AVAILABLE DISK SELECTIONS:
       0. c0d0 <DEFAULT cyl 2085 alt 2 hd 255 sec 63>
          /pci@0,0/pci-ide@1f,1/ide@0/cmdk@0,0
       1. c1d0 <DEFAULT cyl 1042 alt 2 hd 255 sec 63>
          /pci@0,0/pci-ide@1f,1/ide@1/cmdk@0,0
Specify disk (enter its number): ^C



Type CTRL-C to quit "format".

If your disks do not show up, use devfsadm:


# devfsadm
# format
Searching for disks...done


AVAILABLE DISK SELECTIONS:
       0. c0d0 <DEFAULT cyl 2085 alt 2 hd 255 sec 63>
          /pci@0,0/pci-ide@1f,1/ide@0/cmdk@0,0
       1. c0d1 <DEFAULT cyl 1042 alt 2 hd 255 sec 63>
          /pci@0,0/pci-ide@1f,1/ide@0/cmdk@1,0
       2. c1d0 <DEFAULT cyl 1042 alt 2 hd 255 sec 63>
          /pci@0,0/pci-ide@1f,1/ide@1/cmdk@0,0
       3. c1d1 <DEFAULT cyl 1042 alt 2 hd 255 sec 63>
          /pci@0,0/pci-ide@1f,1/ide@1/cmdk@1,0
Specify disk (enter its number): ^C



You'll notice that the virtual disks are mapped as IDE/ATA drives, so the disk device names don't have a target specification "t".

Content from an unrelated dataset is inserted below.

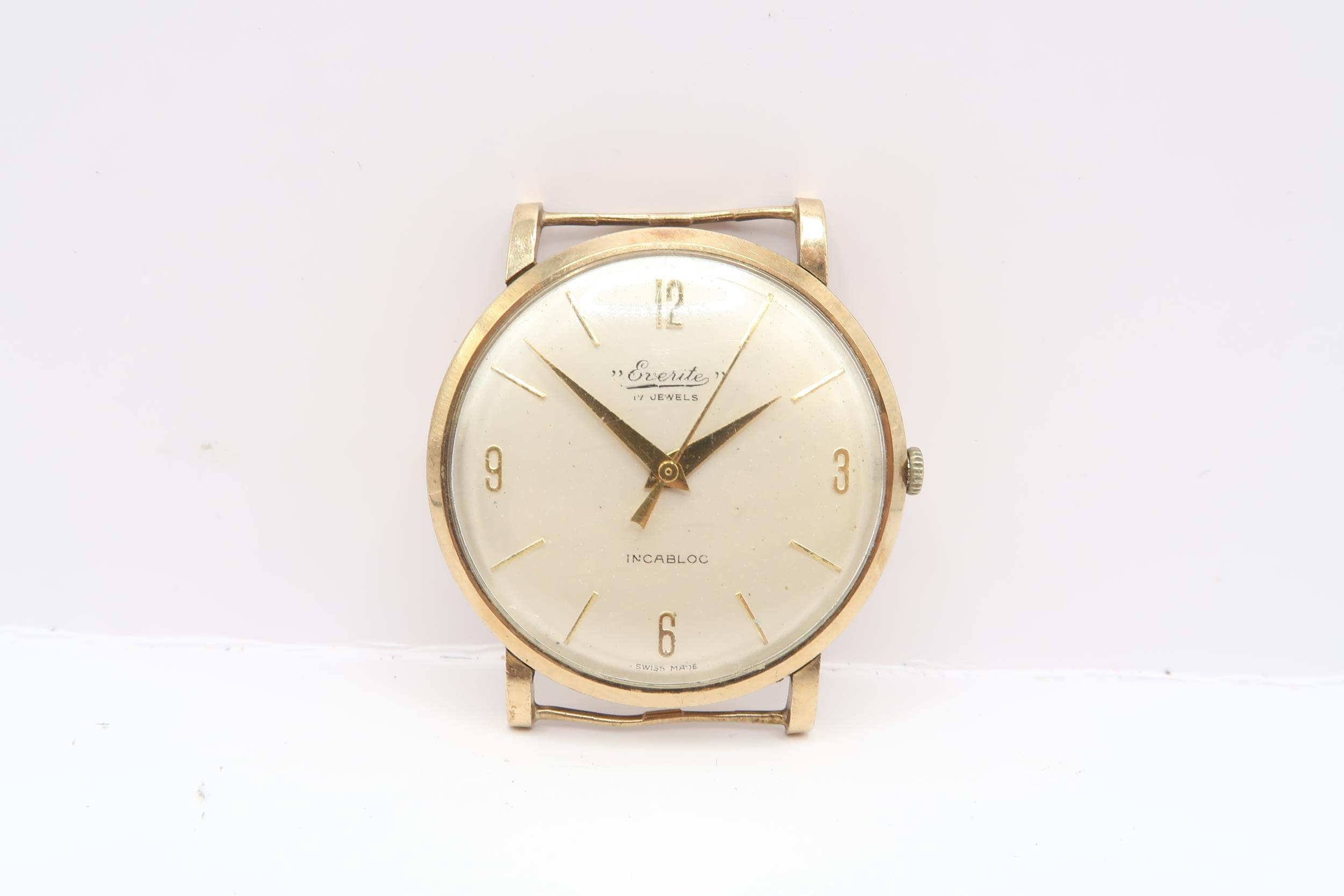 A 9ct Manual Wind Everite Watch, Featuring a Cream Dial with Gold Applied Indices and Arabic numerals.

Let's create our first pool by simply putting together all three disks (c0d0 is our root partition and boot disk which is not usable for our example):

# zpool create zfstest c0d1 c1d0 c1d1

That's it. You have just created a zpool named "zfstest" containing all three disks. Your available space will be just the sum of all three disks:

# zpool list
NAME                    SIZE    USED   AVAIL    CAP  HEALTH     ALTROOT
zfstest                23.8G     91K   23.8G     0%  ONLINE     -

Use "zpool status" to get detailed status information of the components of your zpool:

# zpool status
  pool: zfstest
 state: ONLINE
 scrub: none requested
config:

        NAME        STATE     READ WRITE CKSUM
        zfstest     ONLINE       0     0     0
          c0d1      ONLINE       0     0     0
          c1d0      ONLINE       0     0     0
          c1d1      ONLINE       0     0     0

errors: No known data errors

To destroy a pool, use "zpool destroy":

# zpool destroy zfstest

and your pool is gone.

Let's try a mirror now:

# zpool create mirror c1d0 c1d1

You just created a mirror between disk c1d0 and disk c1d1. Available storage is the same as if you used only one of these disks. If disk sizes differ, the smaller size will be your storage size. Data is replicated between these disks.

"zpool status" now reads:

# zpool status
  pool: zfstest
 state: ONLINE
 scrub: none requested
config:

        NAME        STATE     READ WRITE CKSUM
        zfstest     ONLINE       0     0     0
          mirror    ONLINE       0     0     0
            c1d0    ONLINE       0     0     0
            c1d1    ONLINE       0     0     0

errors: No known data errors

So now we have a simple mirror. But how to put data on it?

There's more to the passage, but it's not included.